[DATASET EXTRACT — start]

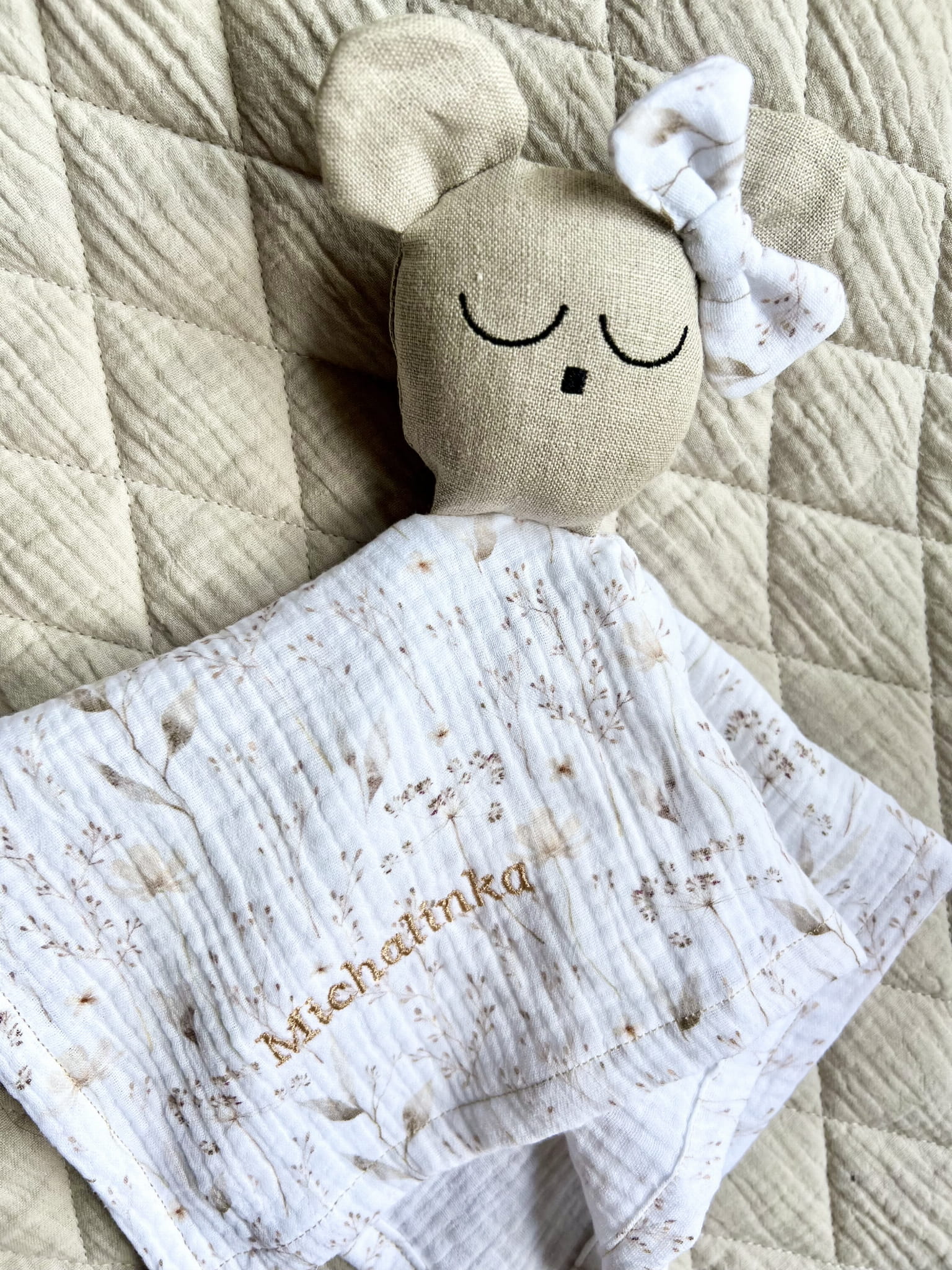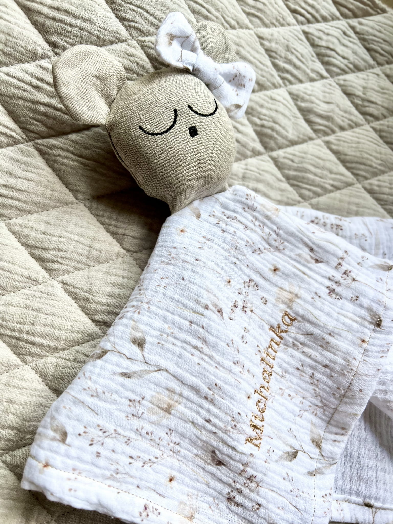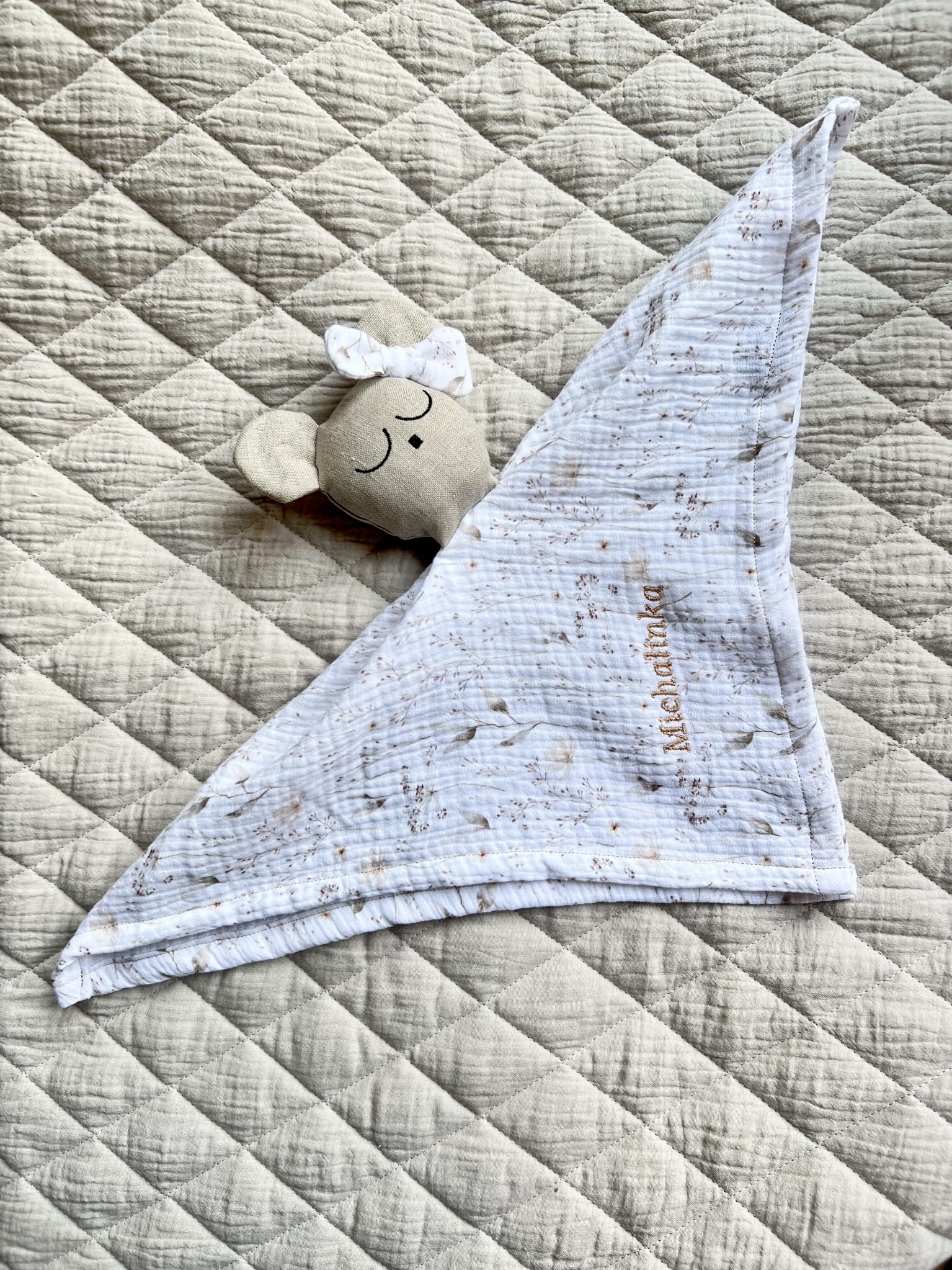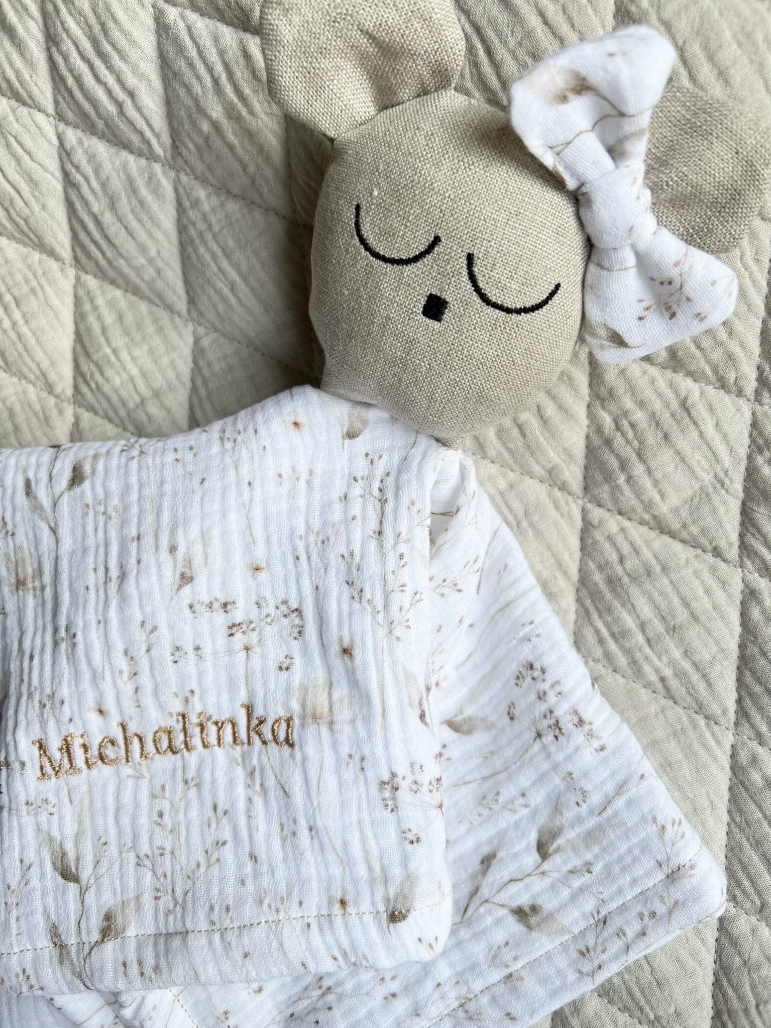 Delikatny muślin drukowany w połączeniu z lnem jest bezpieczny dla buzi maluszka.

[DATASET EXTRACT — finish]
[DATASET EXTRACT — start]

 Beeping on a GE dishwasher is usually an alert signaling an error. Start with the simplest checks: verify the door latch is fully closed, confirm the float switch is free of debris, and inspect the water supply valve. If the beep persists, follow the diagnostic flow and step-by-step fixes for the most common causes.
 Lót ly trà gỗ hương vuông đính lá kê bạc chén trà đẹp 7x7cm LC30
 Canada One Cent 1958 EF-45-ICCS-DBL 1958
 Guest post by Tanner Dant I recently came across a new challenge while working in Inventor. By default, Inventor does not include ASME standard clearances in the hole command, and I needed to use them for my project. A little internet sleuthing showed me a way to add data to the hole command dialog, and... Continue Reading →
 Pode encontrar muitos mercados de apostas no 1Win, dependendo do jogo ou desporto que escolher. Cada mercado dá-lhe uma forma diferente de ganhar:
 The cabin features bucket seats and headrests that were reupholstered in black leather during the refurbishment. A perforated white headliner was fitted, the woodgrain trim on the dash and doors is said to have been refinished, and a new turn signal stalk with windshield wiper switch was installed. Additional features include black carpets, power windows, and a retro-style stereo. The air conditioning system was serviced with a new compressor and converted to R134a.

[DATASET EXTRACT — finish]

Transcribe the records above exactly, beginning at the line that contains "Pode encontrar muitos" and ending with the line that contains "The cabin features", both included, and nothing else.

#### RESULT BELOW
 Pode encontrar muitos mercados de apostas no 1Win, dependendo do jogo ou desporto que escolher. Cada mercado dá-lhe uma forma diferente de ganhar:
 The cabin features bucket seats and headrests that were reupholstered in black leather during the refurbishment. A perforated white headliner was fitted, the woodgrain trim on the dash and doors is said to have been refinished, and a new turn signal stalk with windshield wiper switch was installed. Additional features include black carpets, power windows, and a retro-style stereo. The air conditioning system was serviced with a new compressor and converted to R134a.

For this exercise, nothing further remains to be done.